● **Task description**
Copy out the data below from the line containing "ケータイからメールで更新。ど" to the line containing "智能控制创新实训中心建设项目采购公告(LNCC2026011)", both lines included, with all images left out.

Extracted records:
━━━━

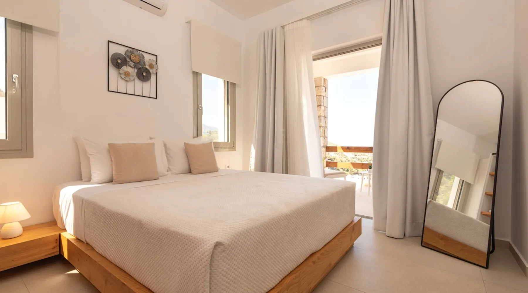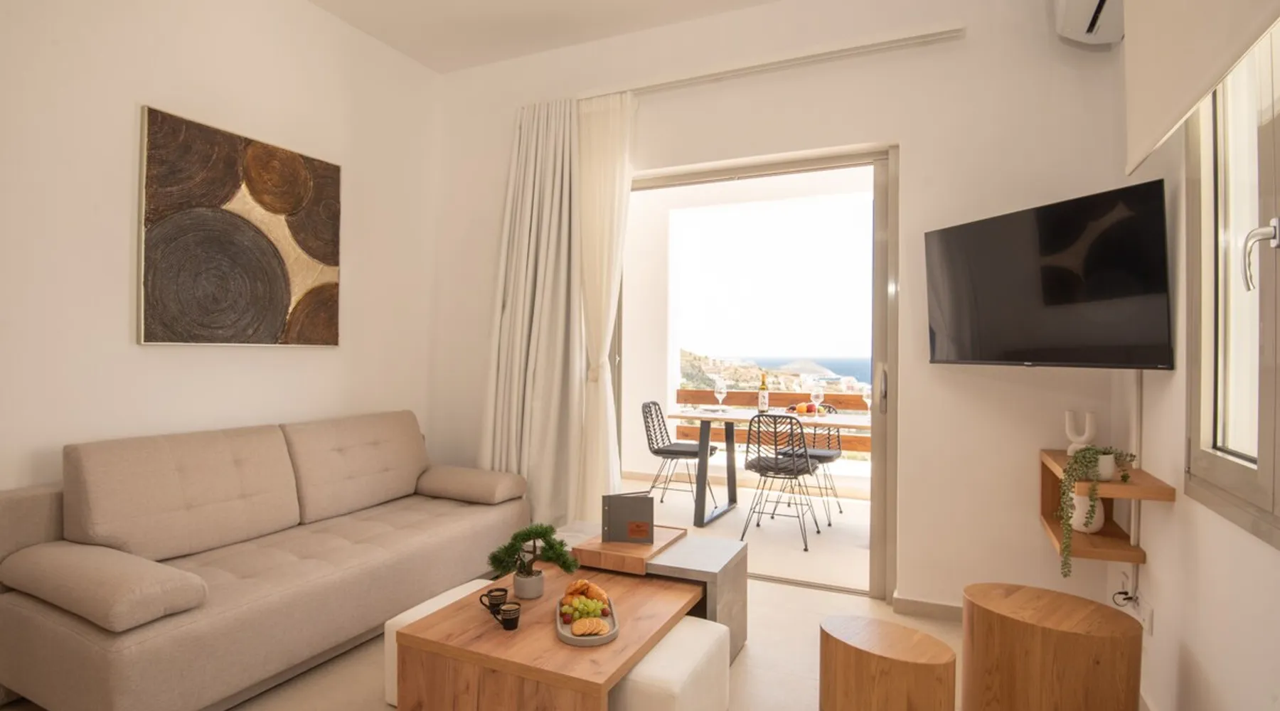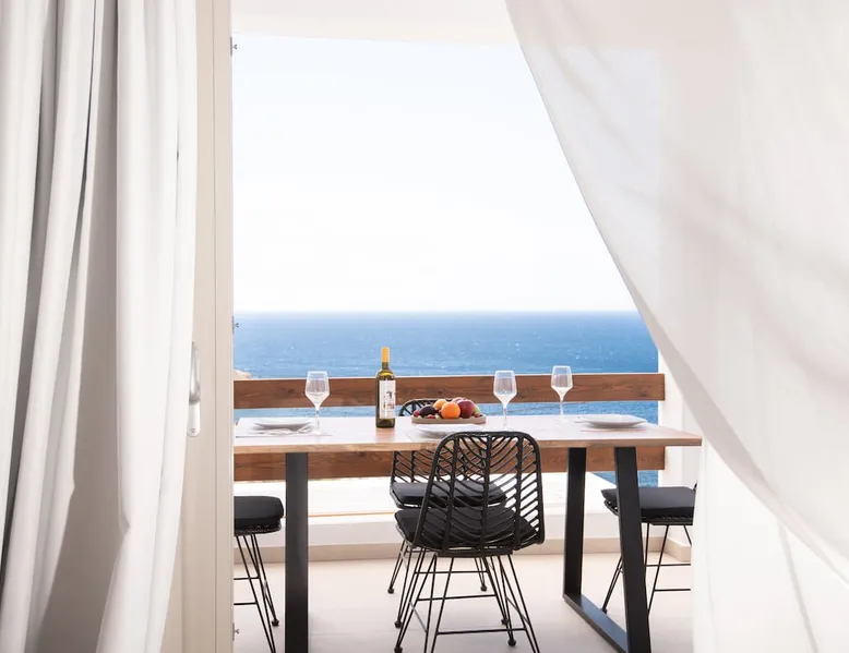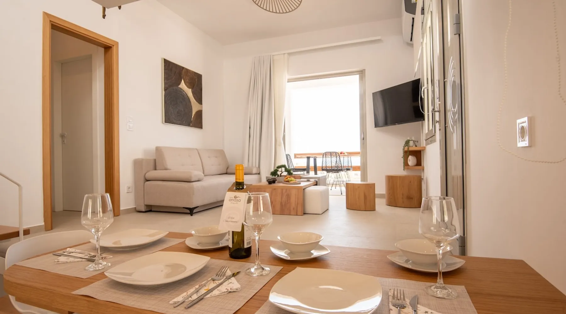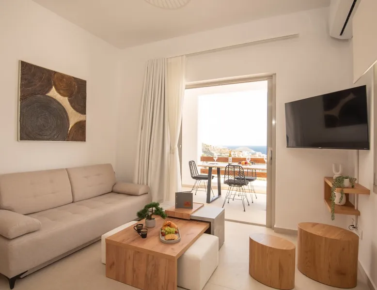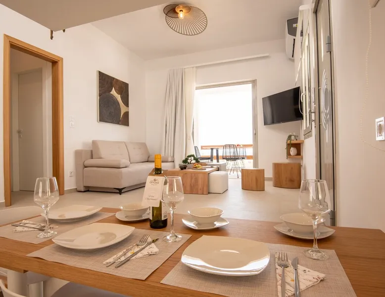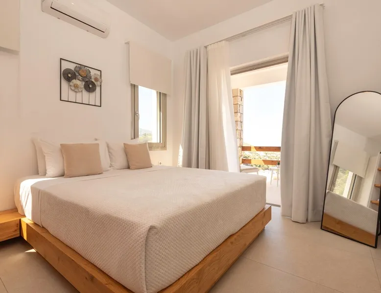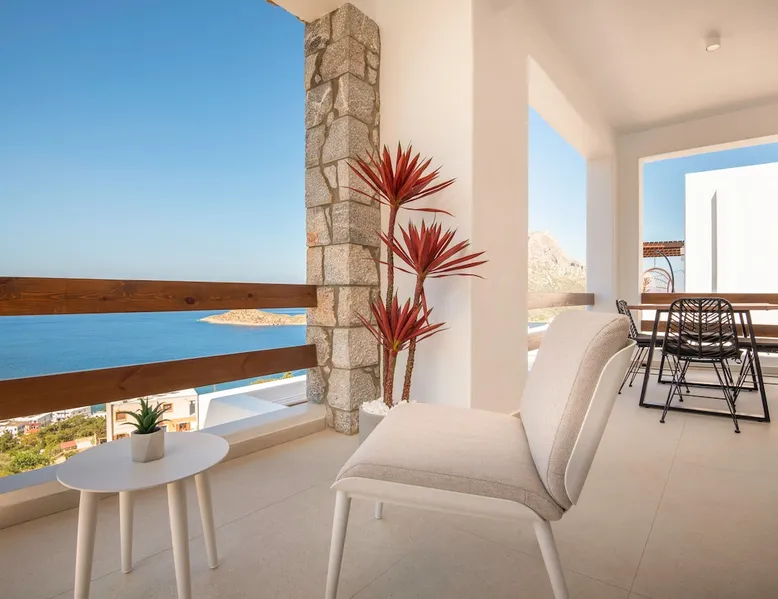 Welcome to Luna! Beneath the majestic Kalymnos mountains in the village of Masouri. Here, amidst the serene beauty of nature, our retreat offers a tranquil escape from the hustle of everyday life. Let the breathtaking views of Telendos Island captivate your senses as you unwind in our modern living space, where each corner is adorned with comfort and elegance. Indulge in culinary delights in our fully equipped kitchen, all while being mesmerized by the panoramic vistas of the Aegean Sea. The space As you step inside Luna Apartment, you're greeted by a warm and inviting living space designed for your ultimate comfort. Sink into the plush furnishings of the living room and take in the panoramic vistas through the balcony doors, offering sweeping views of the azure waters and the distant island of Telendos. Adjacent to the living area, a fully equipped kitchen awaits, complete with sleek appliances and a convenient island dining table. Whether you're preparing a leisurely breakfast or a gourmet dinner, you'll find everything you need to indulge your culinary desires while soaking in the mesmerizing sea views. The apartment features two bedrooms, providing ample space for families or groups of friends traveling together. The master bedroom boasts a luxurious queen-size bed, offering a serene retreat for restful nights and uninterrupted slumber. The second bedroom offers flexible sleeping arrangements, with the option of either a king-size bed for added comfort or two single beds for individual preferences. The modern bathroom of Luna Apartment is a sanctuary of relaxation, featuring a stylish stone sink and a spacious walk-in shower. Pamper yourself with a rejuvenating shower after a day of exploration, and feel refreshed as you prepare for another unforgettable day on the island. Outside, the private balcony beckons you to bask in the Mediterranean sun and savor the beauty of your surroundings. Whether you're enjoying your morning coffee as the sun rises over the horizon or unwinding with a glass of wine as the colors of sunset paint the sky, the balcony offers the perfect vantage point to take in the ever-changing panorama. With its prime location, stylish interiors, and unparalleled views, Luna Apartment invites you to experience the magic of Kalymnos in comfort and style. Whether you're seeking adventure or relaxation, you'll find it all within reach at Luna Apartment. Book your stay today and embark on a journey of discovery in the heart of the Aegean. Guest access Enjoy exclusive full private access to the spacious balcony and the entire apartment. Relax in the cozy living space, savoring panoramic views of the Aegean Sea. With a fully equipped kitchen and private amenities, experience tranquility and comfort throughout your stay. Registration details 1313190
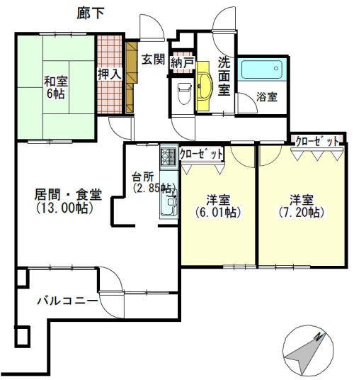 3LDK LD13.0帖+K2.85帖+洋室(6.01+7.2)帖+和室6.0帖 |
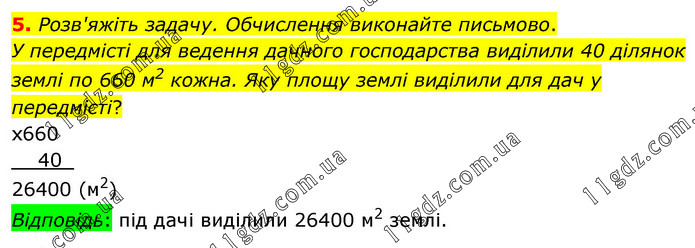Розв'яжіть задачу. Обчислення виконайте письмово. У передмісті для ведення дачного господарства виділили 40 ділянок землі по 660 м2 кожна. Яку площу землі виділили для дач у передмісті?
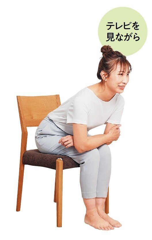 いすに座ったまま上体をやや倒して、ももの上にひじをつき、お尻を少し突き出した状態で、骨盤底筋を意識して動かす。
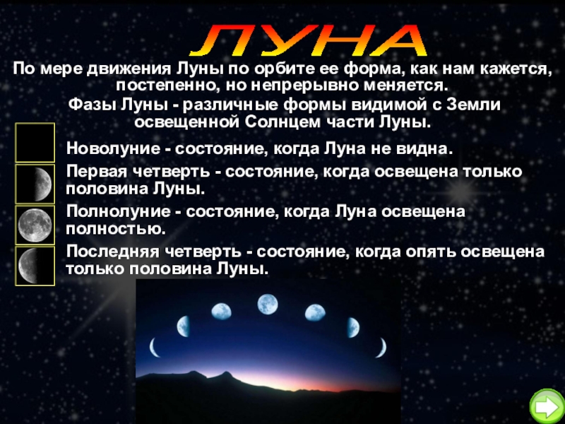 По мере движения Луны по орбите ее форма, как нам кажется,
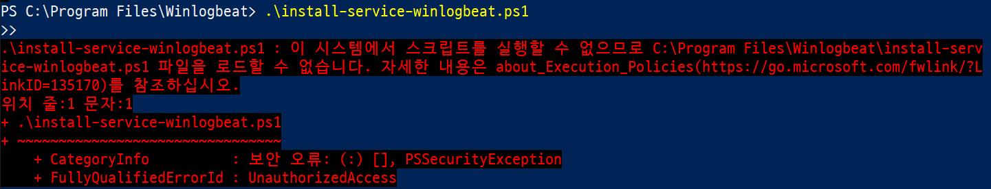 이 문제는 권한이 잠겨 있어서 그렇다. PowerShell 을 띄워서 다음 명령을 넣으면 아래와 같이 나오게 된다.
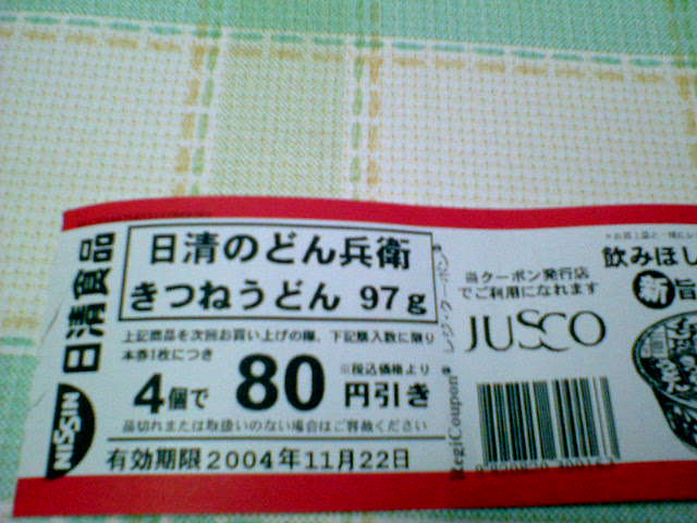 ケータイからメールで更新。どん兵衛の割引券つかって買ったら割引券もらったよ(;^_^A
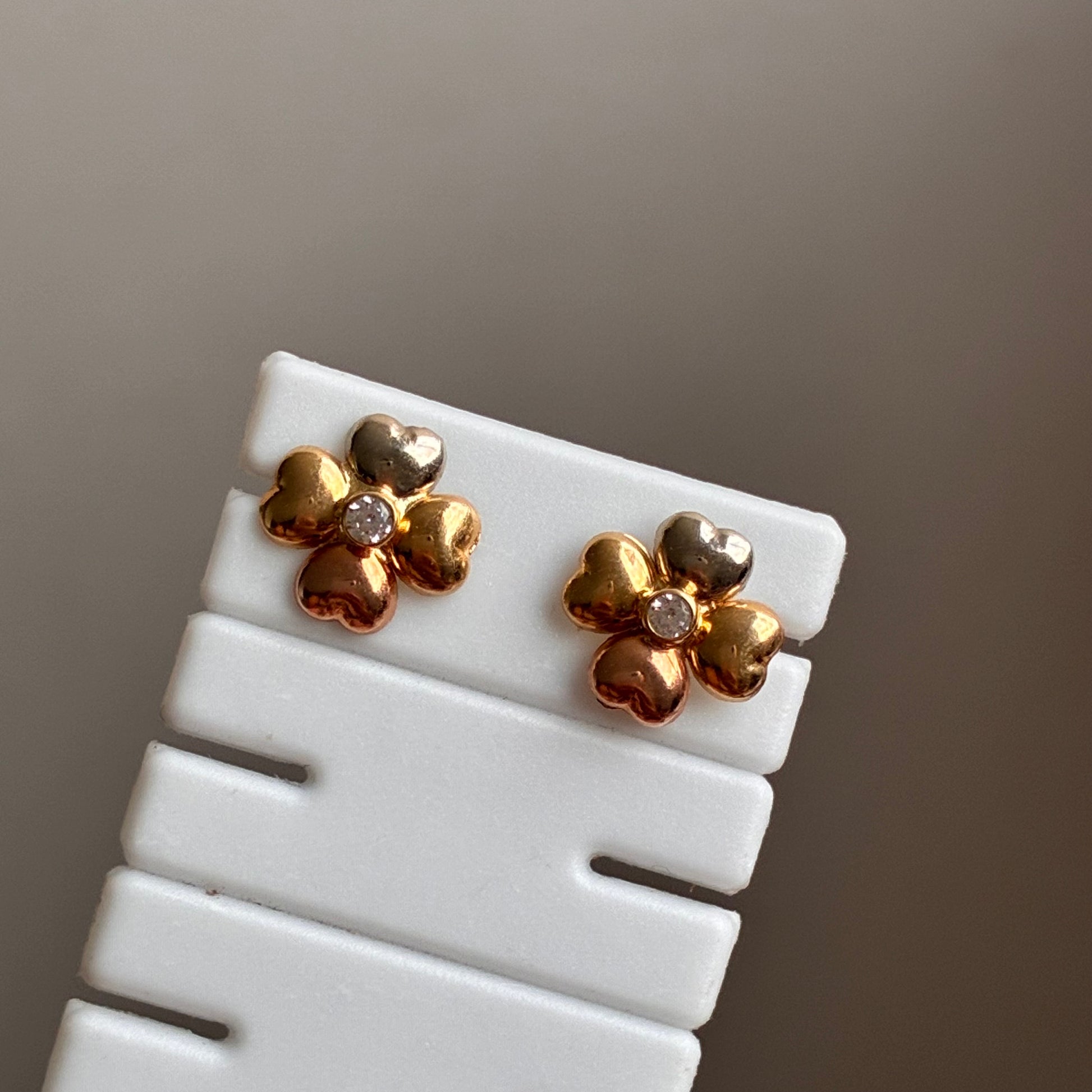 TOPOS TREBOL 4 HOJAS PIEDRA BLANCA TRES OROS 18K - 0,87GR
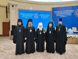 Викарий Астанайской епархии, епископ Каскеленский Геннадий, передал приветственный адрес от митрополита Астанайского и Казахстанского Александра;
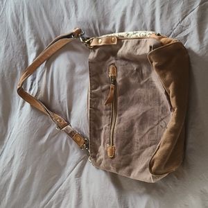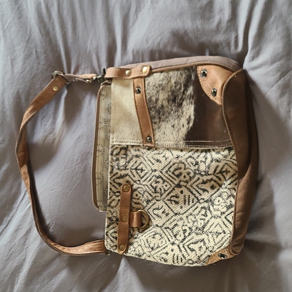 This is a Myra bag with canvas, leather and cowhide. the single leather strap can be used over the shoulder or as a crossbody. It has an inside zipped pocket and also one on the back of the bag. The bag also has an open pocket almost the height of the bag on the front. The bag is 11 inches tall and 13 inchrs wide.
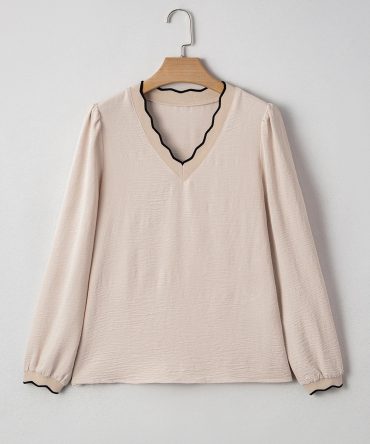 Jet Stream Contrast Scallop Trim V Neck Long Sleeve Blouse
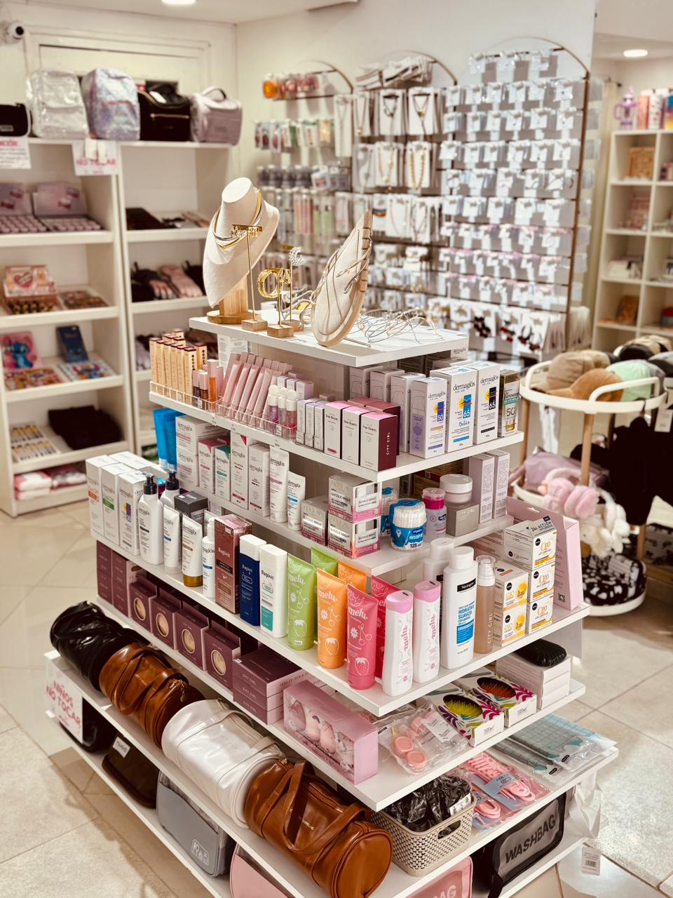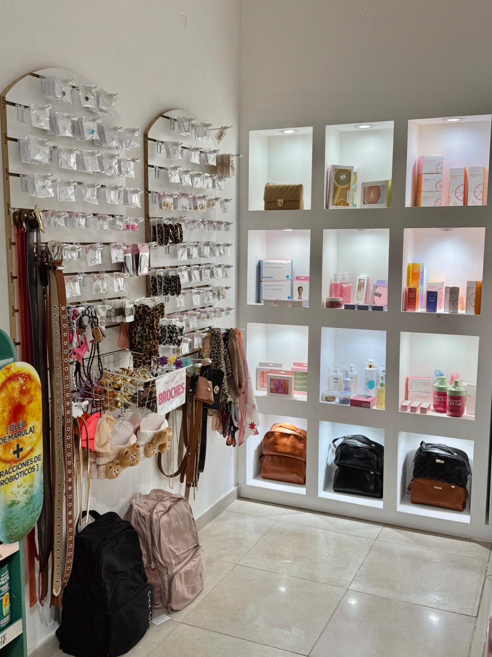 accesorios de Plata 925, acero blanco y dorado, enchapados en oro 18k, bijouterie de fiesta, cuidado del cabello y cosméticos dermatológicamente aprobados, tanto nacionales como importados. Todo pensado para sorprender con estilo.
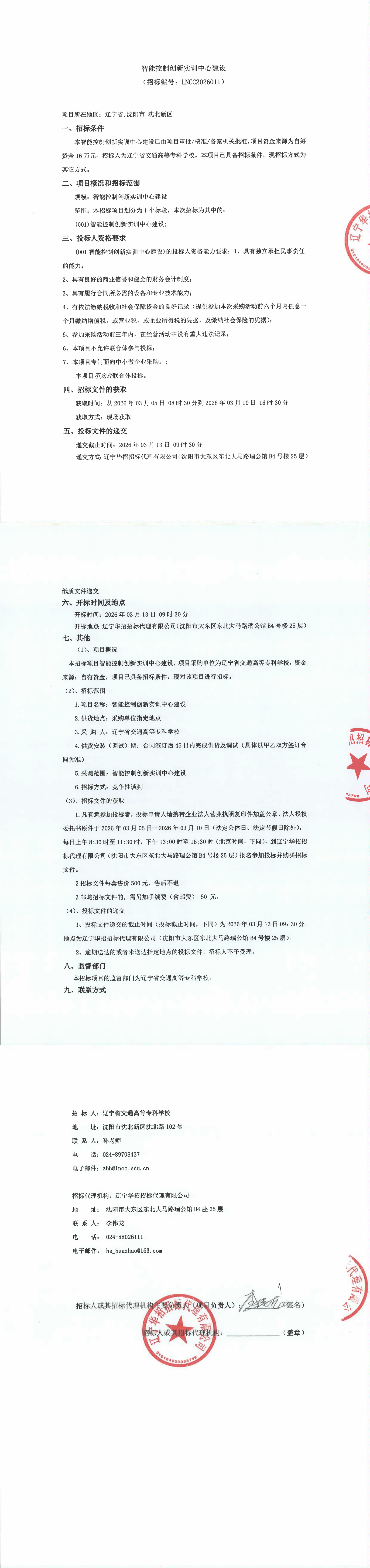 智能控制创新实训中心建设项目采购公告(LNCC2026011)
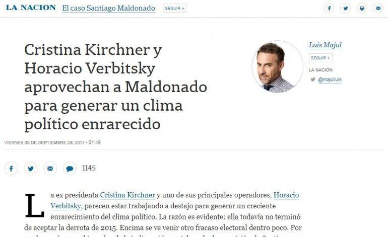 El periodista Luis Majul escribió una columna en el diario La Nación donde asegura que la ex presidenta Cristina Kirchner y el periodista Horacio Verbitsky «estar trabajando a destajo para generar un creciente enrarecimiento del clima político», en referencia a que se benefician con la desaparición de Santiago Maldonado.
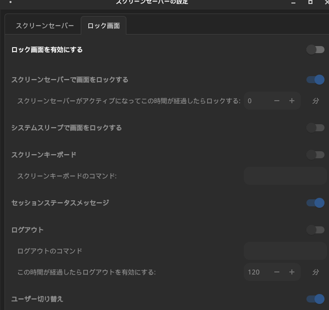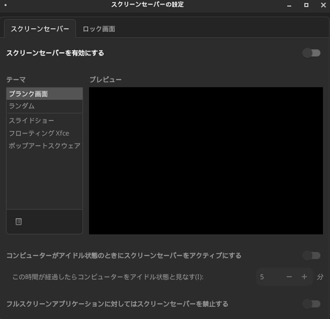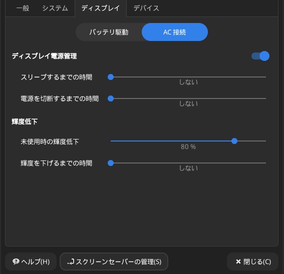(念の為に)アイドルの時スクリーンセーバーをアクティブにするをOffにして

━━━━

● **Solution to the problem**
 ケータイからメールで更新。どん兵衛の割引券つかって買ったら割引券もらったよ(;^_^A
 TOPOS TREBOL 4 HOJAS PIEDRA BLANCA TRES OROS 18K - 0,87GR
 Викарий Астанайской епархии, епископ Каскеленский Геннадий, передал приветственный адрес от митрополита Астанайского и Казахстанского Александра;
 This is a Myra bag with canvas, leather and cowhide. the single leather strap can be used over the shoulder or as a crossbody. It has an inside zipped pocket and also one on the back of the bag. The bag also has an open pocket almost the height of the bag on the front. The bag is 11 inches tall and 13 inchrs wide.
 Jet Stream Contrast Scallop Trim V Neck Long Sleeve Blouse
 accesorios de Plata 925, acero blanco y dorado, enchapados en oro 18k, bijouterie de fiesta, cuidado del cabello y cosméticos dermatológicamente aprobados, tanto nacionales como importados. Todo pensado para sorprender con estilo.
 智能控制创新实训中心建设项目采购公告(LNCC2026011)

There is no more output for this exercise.